The realization prompted the now-director of Utahns for Alternatives to the Death Penalty to believe "the death penalty was something that should be questioned."

A recently released report from the Death Penalty Information Center indicated that not only did a Gallup poll show nationwide support for the death penalty at a 40-year low, but it also found that there were 39 executions in 2013 — only the second time in 19 years that the number has been below 40. The report also states that there were 80 death sentences handed down in 2013, which is "near the lowest number since 1973."

"I think it's a recognition that people … realize the system is so costly and time-consuming and error-prone that (the death penalty) is just not worth it," Dellapiana said.

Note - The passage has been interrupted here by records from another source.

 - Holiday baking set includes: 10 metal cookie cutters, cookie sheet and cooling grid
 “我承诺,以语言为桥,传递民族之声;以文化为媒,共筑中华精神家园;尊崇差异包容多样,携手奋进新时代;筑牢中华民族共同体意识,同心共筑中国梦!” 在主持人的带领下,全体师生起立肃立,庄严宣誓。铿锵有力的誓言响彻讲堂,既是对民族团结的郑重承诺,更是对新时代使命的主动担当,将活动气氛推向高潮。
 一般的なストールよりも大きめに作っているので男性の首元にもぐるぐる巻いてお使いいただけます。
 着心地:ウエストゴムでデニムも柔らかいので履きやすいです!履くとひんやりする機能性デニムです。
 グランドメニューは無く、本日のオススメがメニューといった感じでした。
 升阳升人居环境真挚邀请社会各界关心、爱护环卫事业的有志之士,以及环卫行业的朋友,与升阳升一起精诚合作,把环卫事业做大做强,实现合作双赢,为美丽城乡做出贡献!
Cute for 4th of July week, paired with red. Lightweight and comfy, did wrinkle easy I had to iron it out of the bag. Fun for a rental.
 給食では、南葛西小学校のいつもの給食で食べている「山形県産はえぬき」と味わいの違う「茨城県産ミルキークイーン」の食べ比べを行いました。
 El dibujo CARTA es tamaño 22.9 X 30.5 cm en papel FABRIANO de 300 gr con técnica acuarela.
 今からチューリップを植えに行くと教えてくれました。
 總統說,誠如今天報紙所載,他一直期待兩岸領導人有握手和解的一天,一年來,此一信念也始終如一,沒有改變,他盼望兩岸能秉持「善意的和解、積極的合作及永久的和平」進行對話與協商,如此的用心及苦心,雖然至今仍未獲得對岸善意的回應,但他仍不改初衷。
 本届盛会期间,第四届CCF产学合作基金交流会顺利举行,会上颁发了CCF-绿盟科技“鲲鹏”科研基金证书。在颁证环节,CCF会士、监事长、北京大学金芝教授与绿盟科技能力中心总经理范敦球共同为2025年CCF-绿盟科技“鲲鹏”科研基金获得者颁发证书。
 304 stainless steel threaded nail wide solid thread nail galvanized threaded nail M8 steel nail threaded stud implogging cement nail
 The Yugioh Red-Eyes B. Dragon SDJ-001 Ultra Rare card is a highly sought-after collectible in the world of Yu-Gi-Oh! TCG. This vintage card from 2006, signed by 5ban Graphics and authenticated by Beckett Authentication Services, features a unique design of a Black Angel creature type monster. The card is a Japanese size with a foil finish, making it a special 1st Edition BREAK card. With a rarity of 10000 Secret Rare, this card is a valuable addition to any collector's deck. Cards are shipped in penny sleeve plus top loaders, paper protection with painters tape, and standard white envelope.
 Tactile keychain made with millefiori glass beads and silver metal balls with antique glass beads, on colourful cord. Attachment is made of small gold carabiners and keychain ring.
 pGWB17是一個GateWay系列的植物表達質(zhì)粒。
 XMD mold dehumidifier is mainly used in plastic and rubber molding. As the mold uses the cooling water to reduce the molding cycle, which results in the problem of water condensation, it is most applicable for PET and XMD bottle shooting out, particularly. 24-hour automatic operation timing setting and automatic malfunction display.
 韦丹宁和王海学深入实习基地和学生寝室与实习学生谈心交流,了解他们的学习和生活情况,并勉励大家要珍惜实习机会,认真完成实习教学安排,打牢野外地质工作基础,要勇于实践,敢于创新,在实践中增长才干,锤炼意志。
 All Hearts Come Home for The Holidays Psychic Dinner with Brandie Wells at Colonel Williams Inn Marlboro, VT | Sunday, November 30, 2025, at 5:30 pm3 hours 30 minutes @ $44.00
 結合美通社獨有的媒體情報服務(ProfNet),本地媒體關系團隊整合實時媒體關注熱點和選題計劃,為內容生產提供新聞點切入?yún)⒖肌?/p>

He pointed to the number of exonerations seen nationally as another explanation for the waning support for capital punishment.

"Even if you're not opposed to the death penalty, you need to be opposed to innocent people being executed," Dellapiana said.

The report also cited "the ongoing problem that states have had in finding a consistent means of carrying out executions" as a reason for their declining number.

"California, North Carolina, Arkansas and Maryland … have not had an execution in over seven years because of their inability to settle on a lethal injection protocol," according to the report. "Federal executions are on hold for the same reason."

The report indicates that European manufacturers that produce many of the drugs used in executions are prohibited from exporting the drugs for such purposes.

Dellapiana said most countries see the death penalty as a "barbaric practice."

"I think the U.S. is behind the curve," he said.

Dellapiana was especially troubled by the fact, referenced in the report, that only 2 percent of counties in the U.S. are responsible for the majority of cases leading to execution since 1976. Two percent of counties are also responsible for the majority of the death row population.

"It just seems unfair that the application of the death penalty should be by ZIP code," Dellapiana said. "Right off the top, there's sometime wrong with that."

He said sentences of life without parole protect the public, reduce costs and provide swifter justice. Utahns for Alternatives to the Death Penalty want to see that option replace the death penalty as the ultimate sanction in Utah.

"People say, 'I'm not opposed (to the death penalty) in theory, but it's not worth doing when we have this other option,'" Dellapiana said.

Rep. Stephen Handy, R-Layton, said Utahns seem content with the current system.